Top of EXERCISE MATERIALS

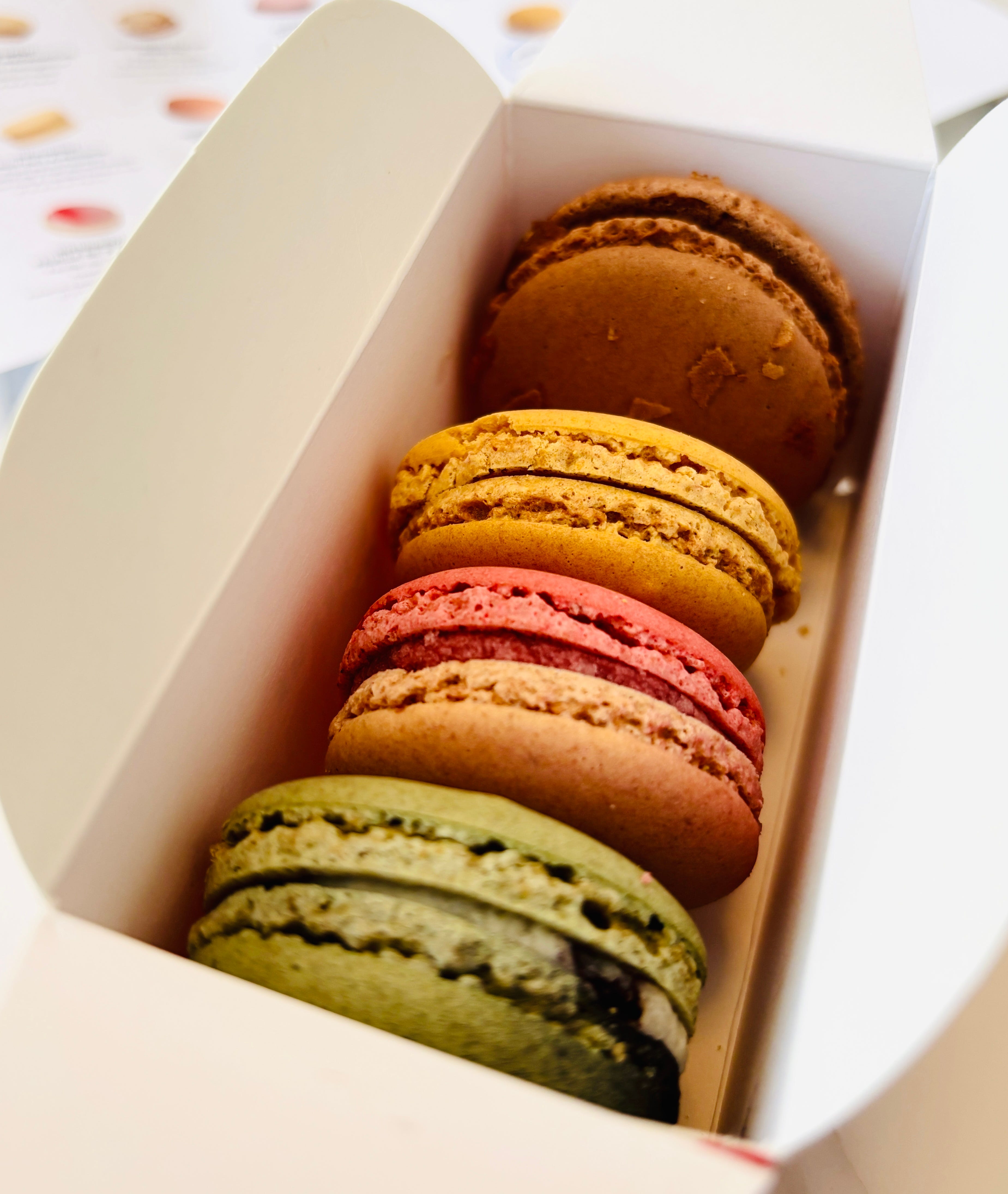When Dorie came by, she (of course) arrived with cakes from Pierre Hermé and a box of macarons, including one flavored with tomato leaves and another with tonka beans.
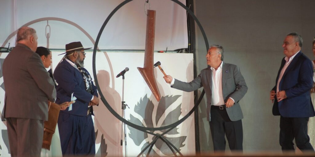 Ya en el final, el Gobernador Alfredo Cornejo compartió el escenario para realizar los tres golpes de reja llamando a celebrar los frutos del trabajo de los mendocinos.
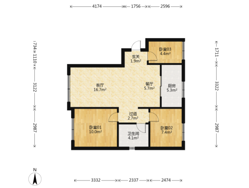 房屋戶型: 3 室2廳 1 廚1衛(wèi)
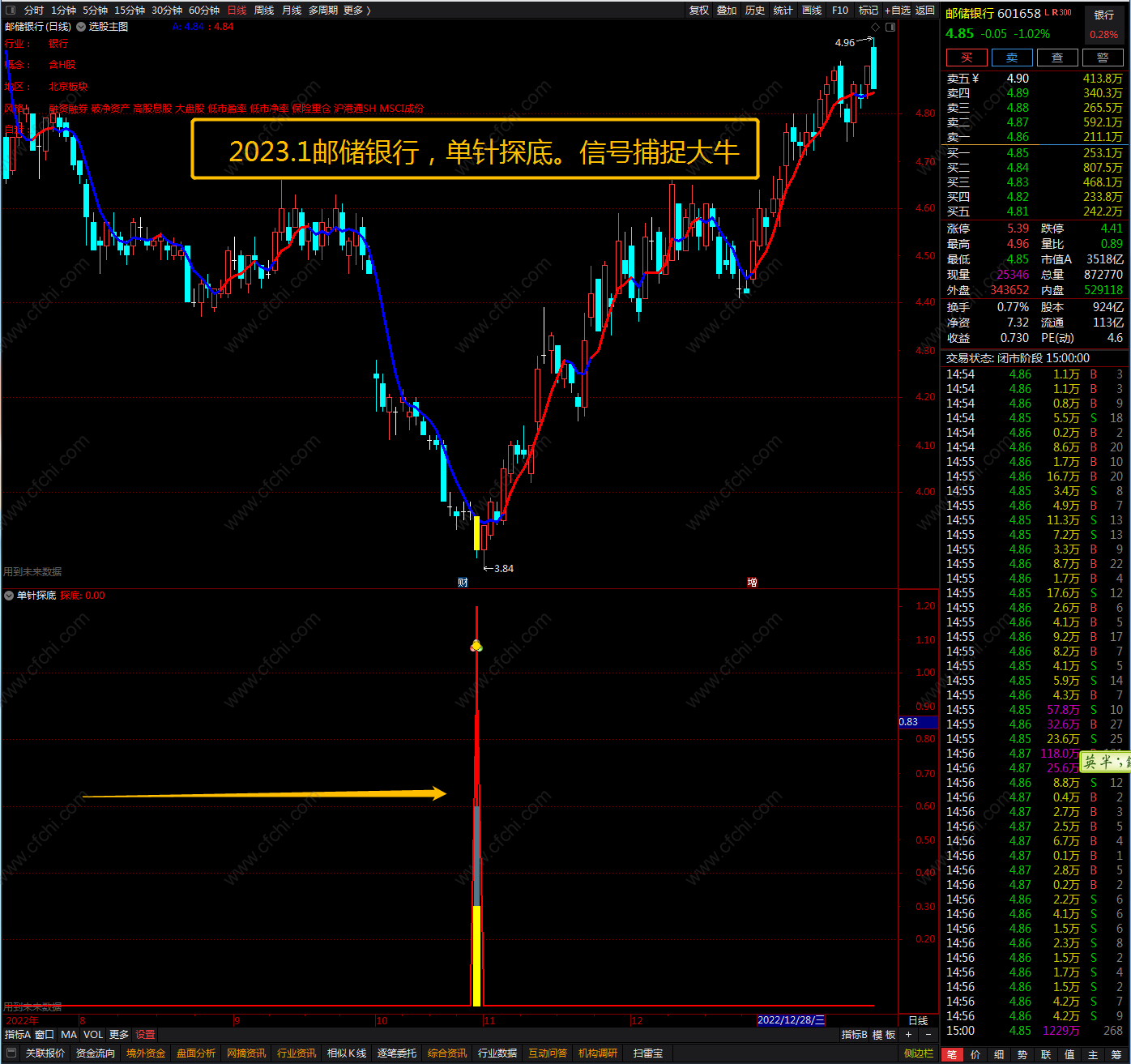(2023镰刀 【单针 探底】三合一。捕捉阶段底,吃下主升浪!主力,资金,筹码,涨停板)
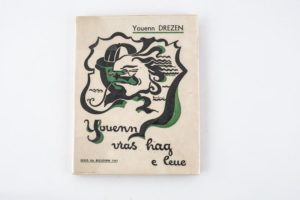 Youenn DREZEN (1899-1972) Youenn vras hag e leue. Pemp pezh-c'hoari - 5 pièces de théâtre, avec chacune des illustrations hors-texte par Bourlaouen, Jos Kervella, R-Y Creston, X. de Langlais, Per Péron. 1 vol in-4 (25x19,5cm) br., couv. illustrée, 164 p. Ed. Skrid Ha Skeudenn, Nantes, 1947 Exemplaire numéroté (282x1200) et dédicacé par l'auteur à Auguste Coïc.
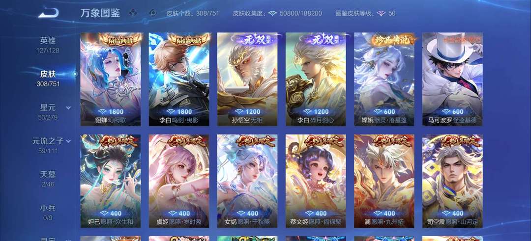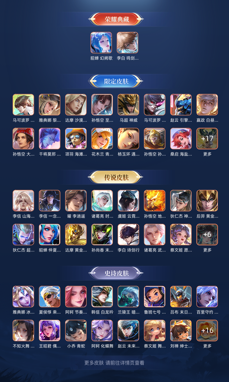 李白貂蝉典藏,李白猴子无双,马克柯南,嫦娥珍品,李逍遥等传说皮
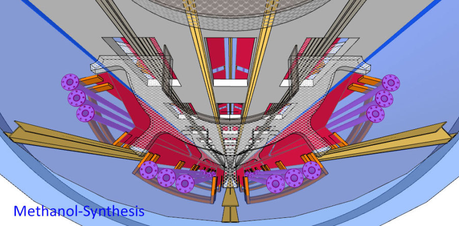 Der Methanol-Schacht kann auch bei Befüllung mit Flüssig Ammoniak als Amonium Cracker betrieben werden.
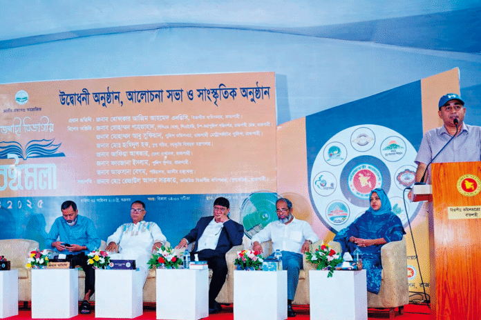 গত ৩১ অক্টোবর ২০২৫ রাজশাহীর কালেক্টরেট মাঠে জাতীয় গ্রন্থকেন্দ্রের আয়োজনে “বিভাগীয় বইমেলা-২০২৫”-এর উদ্বোধনী অনুষ্ঠান, আলোচনা সভা ও সাংস্কৃতিক আয়োজন অনুষ্ঠিত হয়। বেলুন ও ফেস্টুন উড়িয়ে মেলার আনুষ্ঠানিক উদ্বোধন করা হয়।অনুষ্ঠানে প্রধান অতিথি হিসেবে উপস্থিত ছিলেন খোন্দকার আজিজ আহমেদ, এনডিসি, বিভাগীয় কমিশনার, রাজশাহী। বিশেষ অতিথি হিসেবে বক্তব্য রাখেন মোহাম্মদ আবু সুফিয়ান, কমিশনার, রাজশাহী মেট্রোপলিটন পুলিশ।আলোচনা সভায় পুলিশ কমিশনার বলেন, বর্তমান সমাজে অতিরিক্ত মোবাইল স্ক্রিন ব্যবহারের কারণে তরুণদের মধ্যে পাঠাভ্যাস কমে যাচ্ছে। এ প্রেক্ষাপটে বই পড়ার অভ্যাস গড়ে তোলা এবং তরুণ সমাজকে বইয়ের সঙ্গে যুক্ত করতে বইমেলার মতো উদ্যোগ অত্যন্ত প্রয়োজনীয়। তিনি বলেন, জ্ঞান অর্জনের জন্য বইয়ের বিকল্প নেই; তবে প্রকৃত শিক্ষা সেই জ্ঞানই, যা সমাজকে ইতিবাচকভাবে পরিচালনায় সহায়ক হয়।তিনি আশা প্রকাশ করেন, এই বইমেলার মাধ্যমে রাজশাহীসহ সারাদেশে পাঠাভ্যাসের নতুন উদ্দীপনা সৃষ্টি হবে। অনুষ্ঠানের শেষাংশে তিনি লেখক, পাঠক, প্রকাশক, শিক্ষার্থীসহ উপস্থিত সকলকে এবং আয়োজকদের আন্তরিক ধন্যবাদ জানান।

Bottom of EXERCISE MATERIALS

**WORK TASK**
Beginning at the line above that contains "李白貂蝉典藏,李白猴子无双,马克柯南,嫦娥珍品,李逍遥等传说皮", repeat each line exactly through the one that contains "Der Methanol-Schacht kann", and leave out the pictures.

**ANSWER**
 李白貂蝉典藏,李白猴子无双,马克柯南,嫦娥珍品,李逍遥等传说皮
 Der Methanol-Schacht kann auch bei Befüllung mit Flüssig Ammoniak als Amonium Cracker betrieben werden.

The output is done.